In March, political scientist Charles Murray was forced to change venues at Middlebury College in Vermont during a mob attack in which a female professor was injured.  Middlebury itself may be failing to teach about constitutional rights, if a letter signed by 450 alumni prior to Murray’s appearance is any indication:  “This is not an issue of freedom of speech.  In this case we find the principle does not apply.”

Well, okay then. Disagree with us and you lose your rights.

In early April, hundreds of activists blocked an auditorium at Claremont McKenna College in California to prevent author Heather MacDonald from speaking.  Ms. MacDonald’s analysis of crime statistics blows away the media narrative about racist cops spun by the Black Lives Matter movement.  No wonder they wanted her silenced.

For the Left, the issues themselves matter less than a show of force.  As author Angelo M. Codevilla has observed, “The point of PC [political correctness] is not and has never been merely about any of the items that it imposes, but about the imposition itself.”

In “State and Revolution” (1918), Vladimir Lenin wrote:

“The replacement of the bourgeois (middle class) by the proletariat state is impossible without a violent revolution … it is still necessary to suppress the bourgeoisie and crush its resistance.”

Even if none of this involves something you hold dear, the mobs will get around to you if you’re out of step.  A byproduct is the chilling effect it has had on discourse in general.

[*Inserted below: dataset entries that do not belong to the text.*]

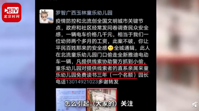 近日,广西玉林,一则“全城通缉”偷车贼的悬赏博文,在北流人朋友圈流传并走红网络。5月13日,北流市区一民办幼儿园内一辆电动车被盗,罗园长为了追回电动车,发文征集线索,并承诺“提供线索抓到偷车者,奖孩子免费读书3年”。罗园长表示,承诺是真的,相信一定能找到偷车人。
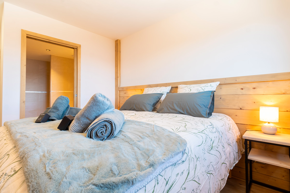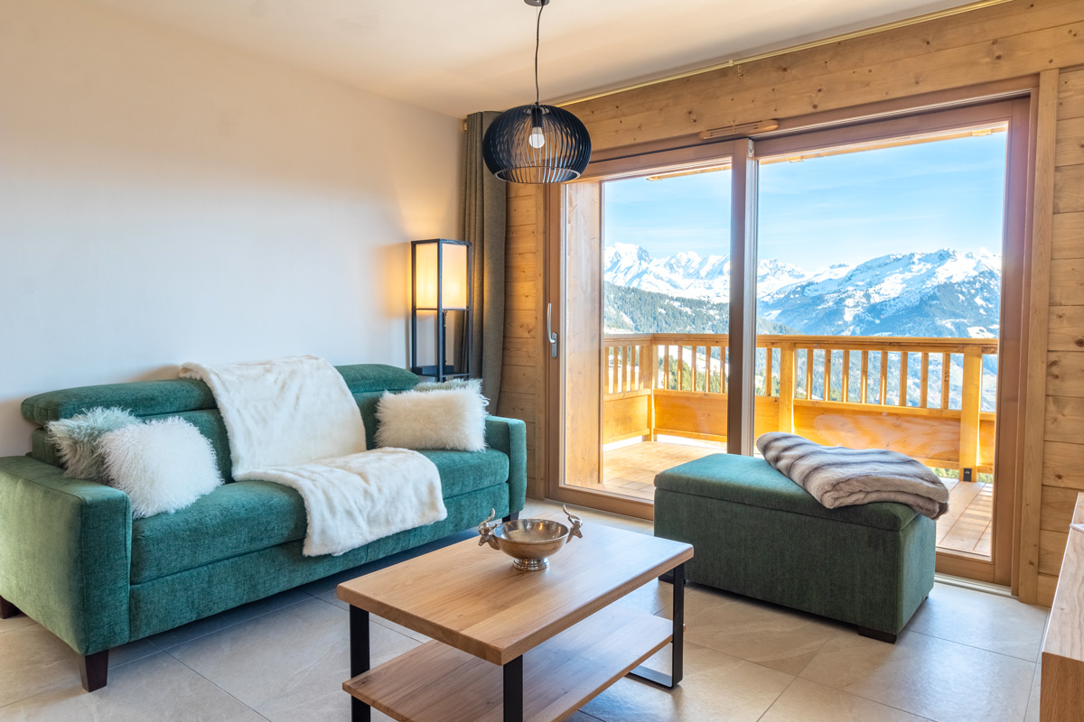 Pensé pour accueillir jusqu’à 6 voyageurs, ce lumineux 4 pièces de 81 m² offre un confort rare en station : volumes généreux, prestations premium et ambiance chaleureuse avec vue dégagée sur les montagnes.
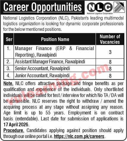 National Logistics Corporation NLC Jobs 2026 Apply Online for Accountants, Assistant Managers & Managers Job Ad shown on this page is taken from The News Newspaper on 02-04-2026
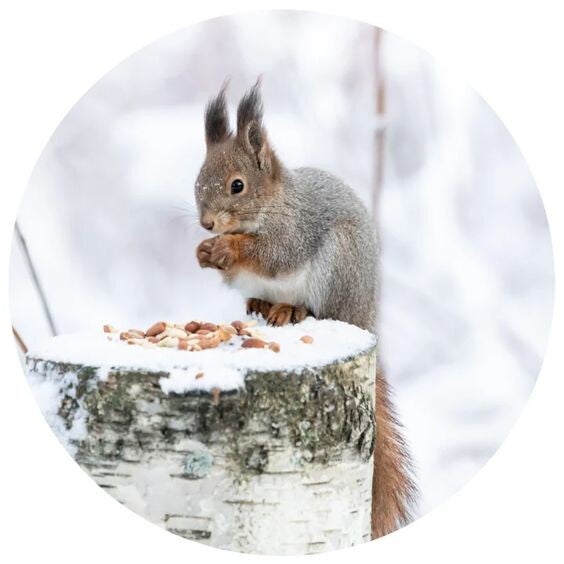 Serene uitstraling van deze eekhoorn in winterse landschap.
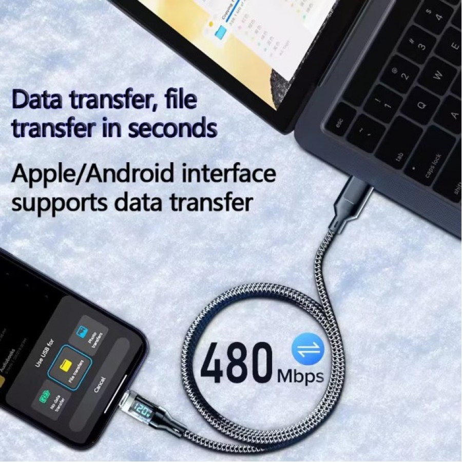 Acest cablu de date este proiectat pentru a oferi o încărcare super rapidă și o transferare eficientă a datelor. Afișajul digital LED permite utilizatorilor să monitorizeze în timp real procesul de încărcare, asigurându-se că dispozitivul lor este încărcat în mod optim.
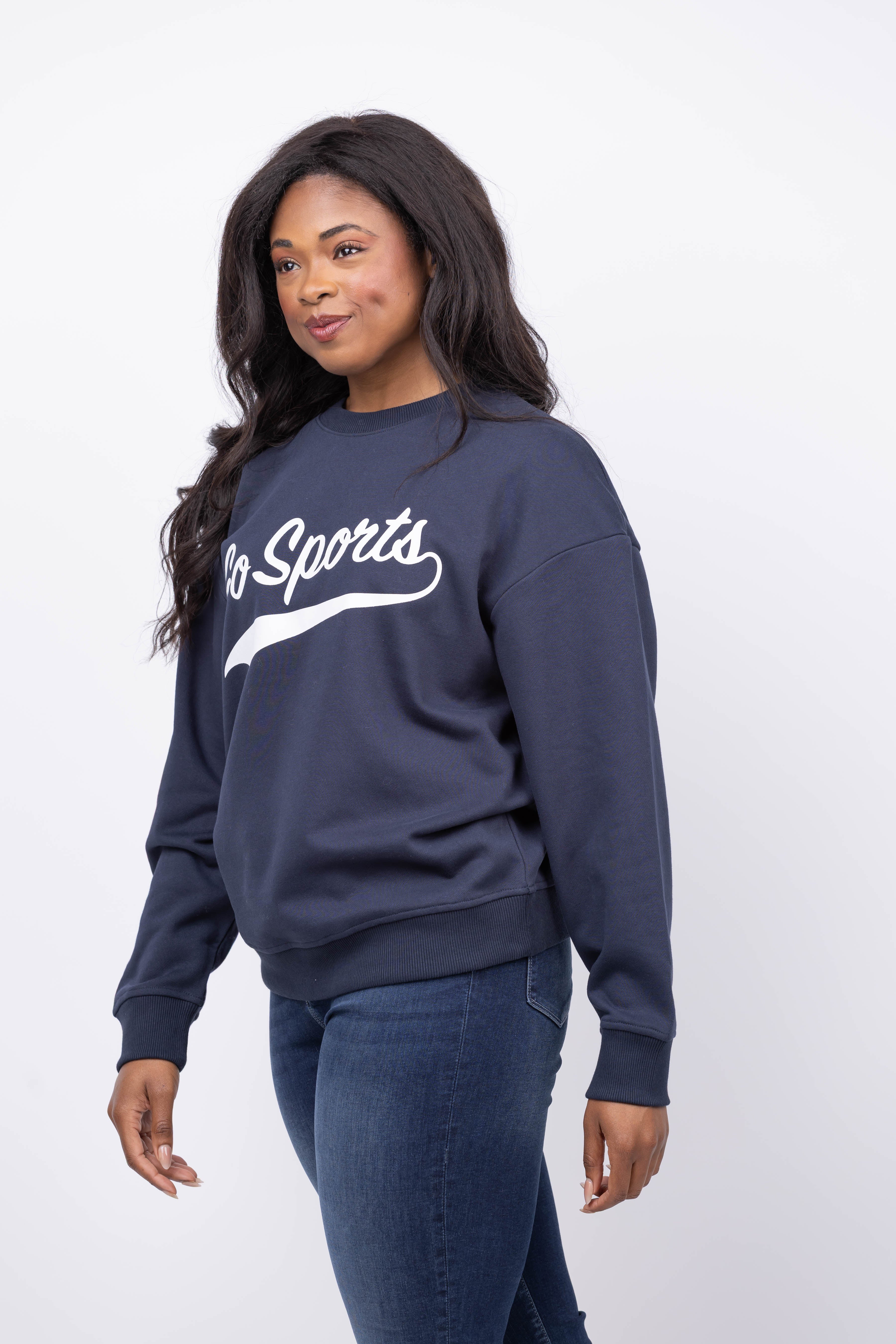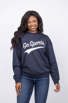 Embrace comfort and style with the Favorite Daughter Go Sports Sweatshirt in Navy. Crafted from a cotton blend that softens and shrinks for the perfect fit, its oversized design features a relaxed fit and drop shoulders for effortless, sporty vibes. This retro-inspired sweatshirt adds a timeless touch to any outfit, making it a must-have for those who want to show casual confidence without needing a favorite team.
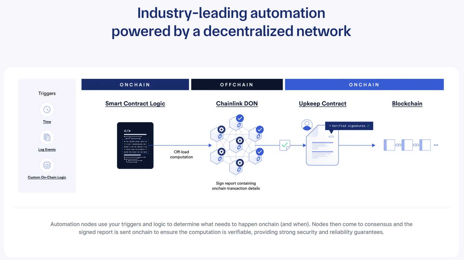 We also used Chainlink Automation and its pool of node operators because of their reputation, reliability, and low gas. The Chainlink Automation Network is operated by the same pool of node operators who continuously secure tens of billions of dollars in DeFi, even during record levels of network congestion and extreme volatility.
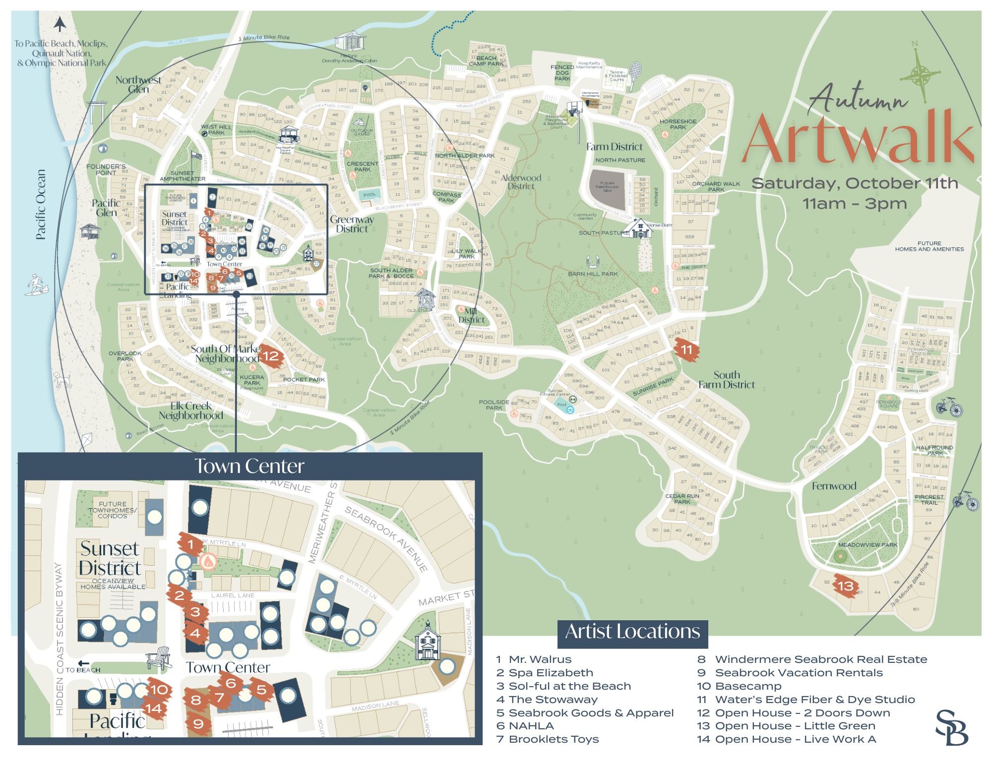 Stop by the Windermere Seabrook Real Estate office or the Seabrook Hospitality lobby on the day of the artwalk to pick up a map of artist locations.
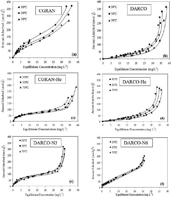 評估原樣處理的活性炭對松香酸的吸附情況,結果如圖1所示。該圖描繪了在處理前和后處理的CGRAN和DARCO活性炭的三種溫度(30,50和70℃)下作為平衡濃度函數的吸附容量。從先前對吸附速率的研究(此處未顯示),確定在30分鐘達到吸附平衡。根據分類等溫線,CGRAN和CGRAN-He(圖1a和1c)顯示了“L”型等溫線,這是樅酸和吸附位點之間強親和力的特征。DARCO(圖1b)和DARCO-He(圖1d)活性炭表現出“S”型等溫線,歸因于溶質和溶劑之間競爭吸附的結果,松香酸對吸附位點的親和力較低。圖1e和1f所示的HNO3氧化樣品(DARCO-N3和DARCO-N6)的 等溫線為“L”型吸附等溫線,樅酸和溶劑之間具有強親和力的特征。26,27另外,DARCO-N3展示了一個被歸類為“L2”的等溫線,其中平臺指示表面上的所有可用位點均分布在單層中,并且DARCO-N6根據“L1”子群顯示等溫線,其中沒有觀察到高原,表明未覆蓋單層。 這種行為與DARCO-N6顯示的更多的表面功能組一致。

I recall when liberals and conservatives could agree to disagree during, say, a party, and leave as friends, or at least not as enemies.  But when’s the last time you went to an eclectic gathering and heard genuine views exchanged?  Nobody dares anymore.  The Left’s scorched-earth tactics have poisoned the well.

In Massachusetts, an editorial at The Wellesley News on April 12 openly advocated attacking anyone who fails to bow to leftwing orthodoxy.  Their definition of what will not be allowed includes “racism, sexism, homophobia, Islamophobia, transphobia or any other type of discriminatory speech.  Shutting down rhetoric that undermines the existence and rights of others is not a violation of free speech; it is hate speech.”

The good little Maoists (who are punctuation-challenged) went on to declare, “if people are given the resources to learn and either continue to speak hate speech or refuse to adapt their beliefs, then hostility may be warranted.” Later, they denied that this meant engaging in violence.

Incidentally, Hillary Clinton’s alma mater charges about $63,300 annually for tuition, room and board.  Apparently, that buys the finest brainwashing against the bourgeoisie that a campus can conjure.